Mendip House is a care home for six adults run by the National Autistic Society. A recent report from the Somerset Safeguarding Adults Board has highlighted shocking bullying and abuse reminiscent of the Winterbourne View scandal. One resident was forced to eat chilli and repeatedly thrown in a swimming pool, whilst another had a ribbon put around their neck and was ridden “like a horse”. Staff also took money from residents to pay for their meals.
However, it has emerged that the owners of Mendip House will not face prosecution for their failing to protect and will only face a £4,000 fixed penalty for their punishment. Surprisingly, it was the role of the Care Quality Commission (CQC) that decided to only pursue financial fraud rather than criminal prosecution, this is despite the initial claim from the CQC that it was a police decision. Labour Shadow Minister for social care, Barbara Keely, has written to the CQC demanding answers for the ‘outrageous’ decision. She described the decision as an “affront to residents and their families”.

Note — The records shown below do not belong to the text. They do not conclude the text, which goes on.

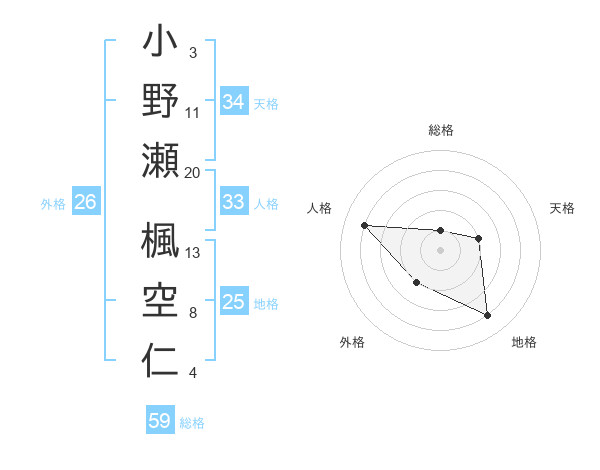 小野瀬 楓空仁さんを姓名の画数から五運を鑑定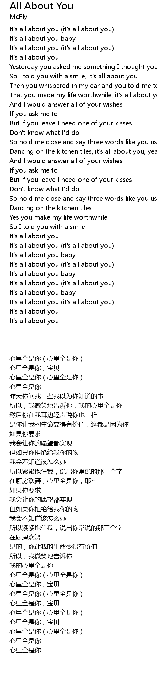 So I told you with a smile, it's all about you |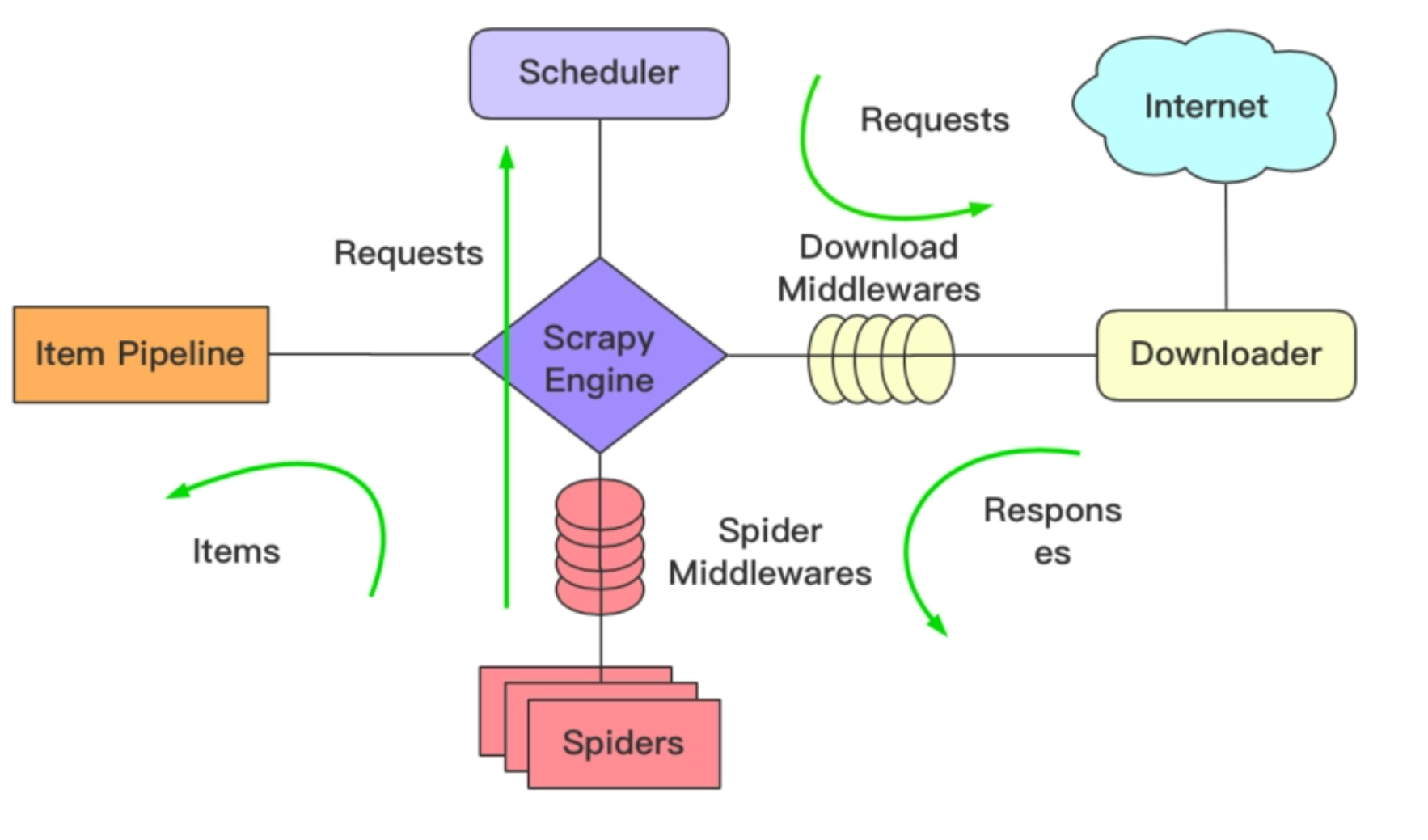 我们还是先来看看这张经典的流程图。在上一节课中,我们在爬虫代码的parse_namedetail()函数中yield出去了一个Item,这个yield出去的Item实际上会被传入到Item Pipeline中,而这个Item Pipeline实际上就是对应着我们刚刚的pipelines.py文件。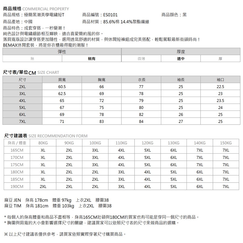 【胖胖星球】中大尺碼‧極簡黑潮美學電繡短T 2XL~7XL‧加大【ES0101】黑色,2XL|黑色,3XL|黑色,4XL|黑色,5XL|黑色,6XL|黑色,7XLT-ShirtsBEMAX胖胖星球
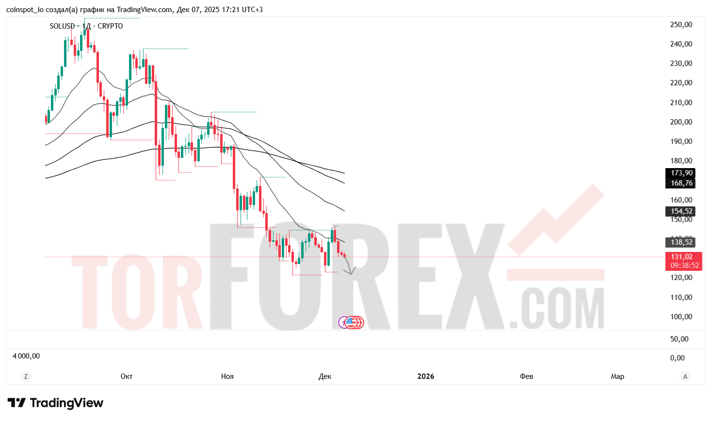 На неделю 7–14 декабря 2025 года SOL/USD демонстрирует признаки углубления коррекции. Основной сценарий — снижение к 125.00–122.50 USD при пробое поддержки. Альтернативный сценарий — отскок к 135.00–138.00 USD при удержании EMA 100.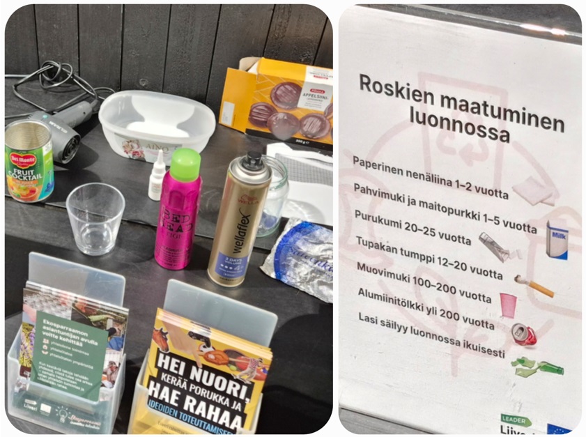 Kävin vielä kokeilemassa jätteiden lajittelua, joka meni nappiin, vaikken asu samalla jätehuoltoalueella. Päälinjat jätteiden kierrätyksessä Suomessa ovat yhteneviä. Samalla pöydällä oli listaa, kuinka kauan eri roskilla menee maatua luonnossa, joten tässä hyvä syy, miksi oma roska kannattaa aina kantaa roskikseen asti. Ja miksi esimerkikiksi muovisista kertakäyttötuotteista halutaan eroon, niitä kun luontoon pääsee valitettavan paljon.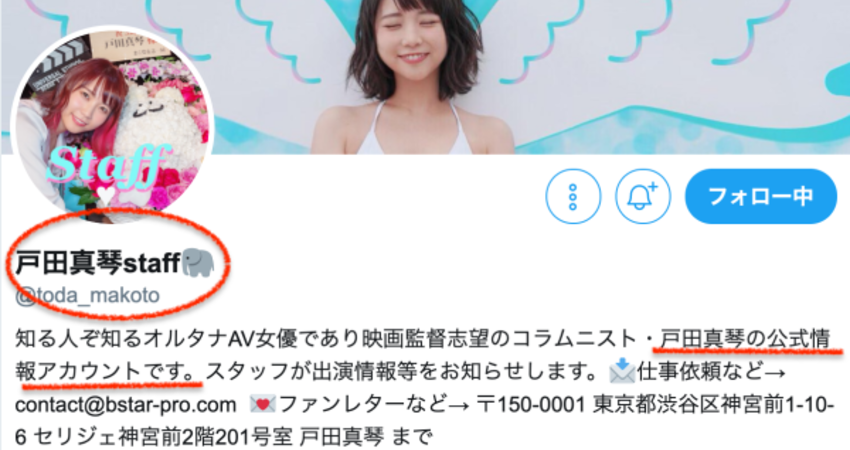她的名字怎麼變成「戸田真琴staff」了?而且自我介紹欄也告訴大家這個twitter已經變成「戸田真琴の公式情報アカウント」(戶田真琴的官方情報帳號),意思就是說戸田真琴人還在,但她不用twitter了,原先的帳號將會由事務所接手,大概就是PO些活動情報或是向大家報告這位想做導演的女優未來有什麼規劃…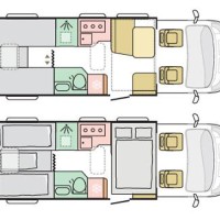 Heckbett: 2.0 x 0.85/1.9 x 0.85 m (1.8 x 0.40 m); Hubbett: 1.93 x 1.38 m; Sitzgruppe: 2.1 x 1.3/0.7 m
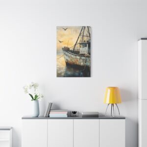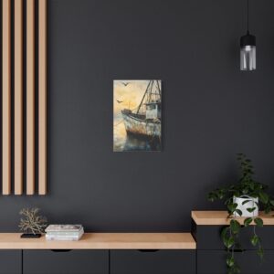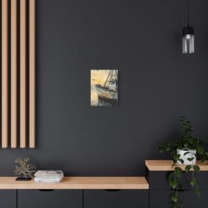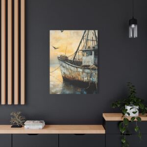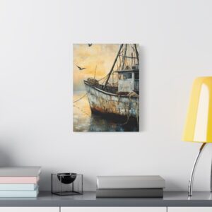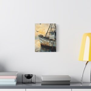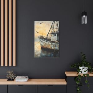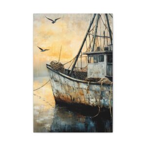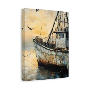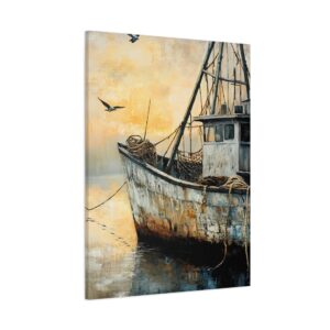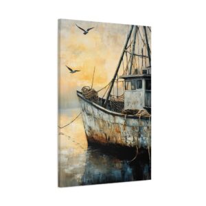 Plongez dans l’ambiance authentique des ports de pêche avec cette peinture évocatrice capturant un bateau de pêche traditionnel dans la lumière dorée de l’aube. La coque patinée et les filets de pêche minutieusement détaillés témoignent d’une vie maritime riche en histoire.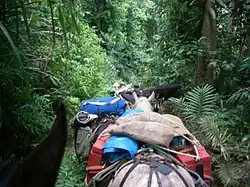 The Bicentennial National Trail (BNT), originally known as the National Horse Trail,[1] is one of the longest multi-use, non-motorised, self-reliant trails in the world, stretching 5,330 kilometres from Cooktown, Queensland, through New South Wales and the Australian Capital Territory to Healesville, 60 km north-east of Melbourne. This trail runs the length of the rugged Great Dividing Range through national parks, private property and alongside wilderness areas. The BNT follows old coach roads, stock routes, brumby tracks, rivers and fire trails. It was originally intended for horses, but is these days promoted also for cycling and walking, though it is not yet entirely suited to these two activities.[2]

An apology has been issued by Mark Leaver, Chief Executive at the National Autistic Society, who said:
“What happened at Mendip House was appalling. We should not have allowed this mistreatment and abuse to happen. We’re deeply sorry that it did and – alongside regulators, local authorities and other agencies – we are responsible for doing all we can to make sure it doesn’t happen again.”
Residents at Mendip House were placed there by 30 local authorities and clinical commissioning groups from around the UK. The report by the Somerset Safeguarding Adults Board report recommends the commissioning of care placements ought to be regulated, and that local authorities should actively monitor the care being provided to the people they place in different settings.